I had lived between both cities but finished school and college in New Delhi. Then, I left. Returning was like being reassigned to purgatory. Delhi was status-conscious and hierarchical with its own rigid social pecking order. Delhi was about nepotism and networking where those who made it big in the ‘import-export’ business did it because daddy-ji was pulling strings somewhere. Delhi was the city — or over-grown village, depending on your perspective — where no woman could be safe on the streets.



I remember at the launch, you were quite upset withe way Shobhaa De went into a come time warp tryin to pull this whole Delhi vs Mumbai on.
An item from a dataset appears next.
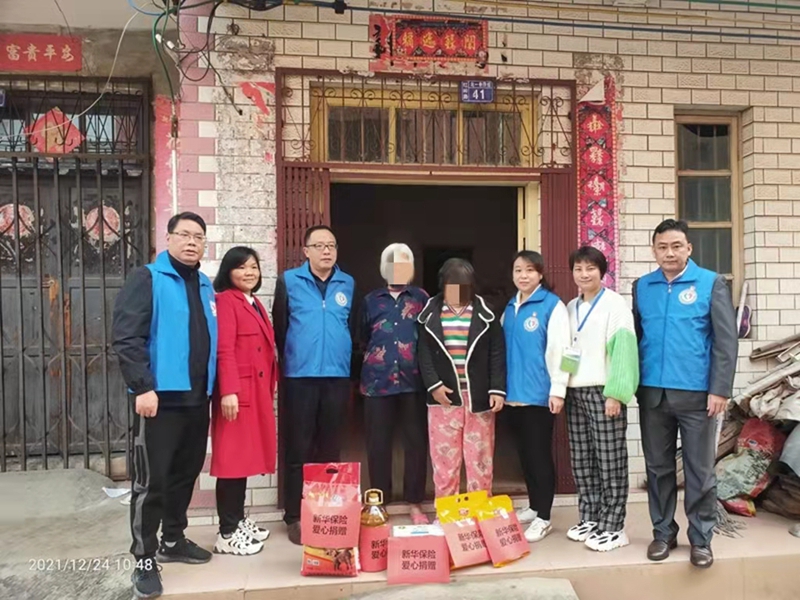 在“兩節”即將到來之際,為做好殘疾人走訪慰問工作,讓轄區殘疾人過上一個歡樂、祥和、溫暖的春節。12月24日,中共新華人壽保險股份有限公司貴港梧州中支聯合支部攜手梧州市興龍街道殘聯、梧州市毅德社區組成愛心慰問組,來到毅德社區進行走訪慰問,為困難家庭送關懷。

A few years back in a meeting in City, there was this discussion between Mumbai competing with Delhi in fashion — and how you found it utter nonsense. But I really liked the piece.
In Bombay, when a cabbie says the fare is Rs 96.50 and you give him a one-hundred-rupee note, he will return the balance Rs 3.50 in coins.
In Delhi, cabbies not only never charge by the meter, for some odd reason they also hide the meters under dirty towels.
Mr Grey, no cabbie in Mumbai has ever returned my change, in coins or notes. But yes, why Delhi cabbies and autowalas have meters that never seem to work is a mystery!